You can find example answers in the ExerciseAnswers.ipynb notebook.
1) Use the right data structure for immutable sequences¶
The code below creates a list containing all years in a research study timeframe, from 1900 to 2030.
The values in this collection will not need to be changed because the study will always use this timeframe.
import sys
def list_from_range(start, end):
"""Create a list from a range of values"""
return list(range(start, end + 1))
start = 1900
end = 2030
studyYears = list_from_range(start, end)
print(studyYears)
print("Bytes used: ", sys.getsizeof(studyYears))
Write a different implementation using a different storage option and demonstrate that option uses less memory.
2) Use the right data structure for membership lookup¶
The code below assigns a collection of placenames to a list. Then, it checks whether a placename is in the list. If not, the placename is reported missing.

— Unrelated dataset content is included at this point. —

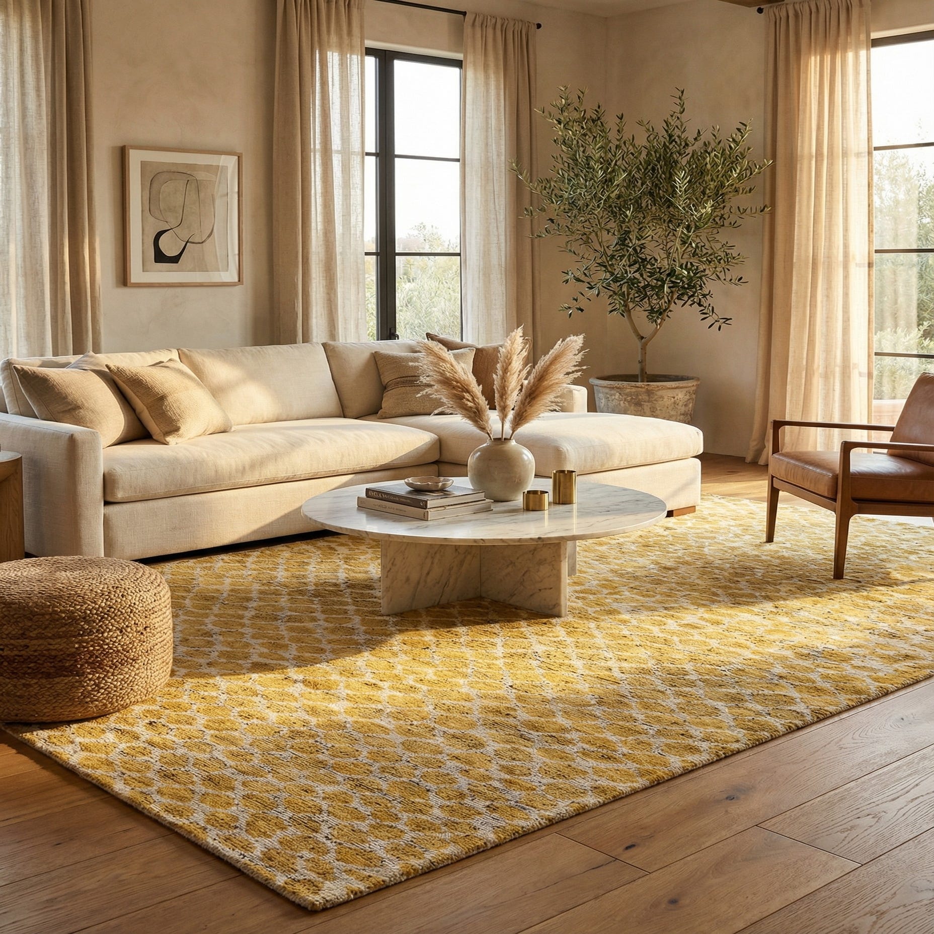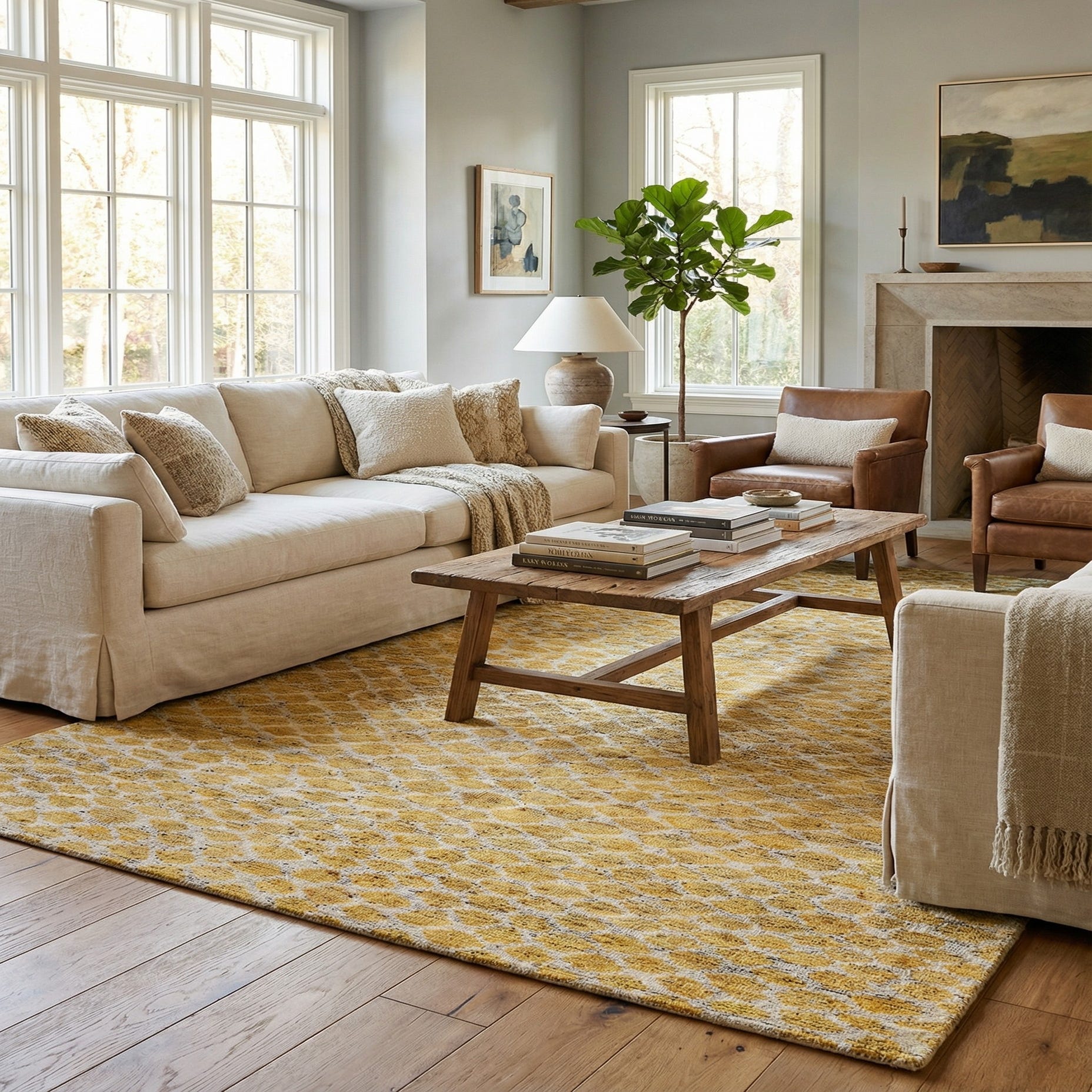 Primary color is Yellow. Colors in this rug include: Yellow, Ivory.
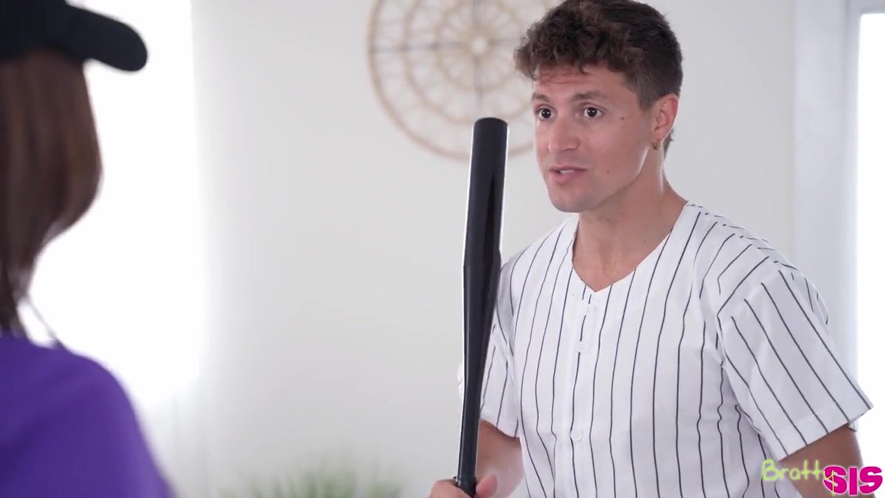 Jay Romero is working on his swing when his stepsister, Rissa May, walks in on him. She suggests that she wants to play, but Jay points out that changing into his clothes doesn't make him good at baseball. Rissa claims that she's good and tries again to get Jay to play with her, but he isn't having any of it. He suggests that Rissa become a cheerleader or something.Rissa leaves the room and returns dressed in a business slutty outfit. She claims she's a commentator and instructs Jay to work on his swing so she can practice. As Jay does as he's told, Rissa provides a commentary that gets increasingly sexual until Jay just exclaims that Rissa wants to fuck him. He has a point, so Rissa stops beating around the bush. Popping her huge tits out, the teen drops to a crouch and begins slurping and sucking Jay's stiffie.Getting Rissa to her feet and turning her around, Jay leans his stepsis over the counter and shoves in from behind. Jay takes a turn on his back on the kitchen island, sucking Rissa's jugs as she rides him in cowgirl. She follows that up with a titty fuck, then takes Jay's place on the countertop so he can pound her pussy nice and deep. Pulling out, Jay blows his load on Rissa's shaved twat. Now that they're finished, Rissa announces she's going to tell her mom about their liaison so Jay can't play baseball anymore.

If you have 1 million placenames to look up and 6 names in the list, that’s up to 6 million checks.
placeNames_list = ["Kinshasa", "Duluth", "Uruguay"] * 1_000_000
# O(n) list look-up
if "Dinkytown" not in placeNames_list:
print("Missing.")
Write a different implementation using a storage option that allows quicker checks for membership at scale.
3) Use generators¶
The code below uses a generator to create vertices for triangles from a random selection. It also defines a function for calculating the area of a polygon from its vertices.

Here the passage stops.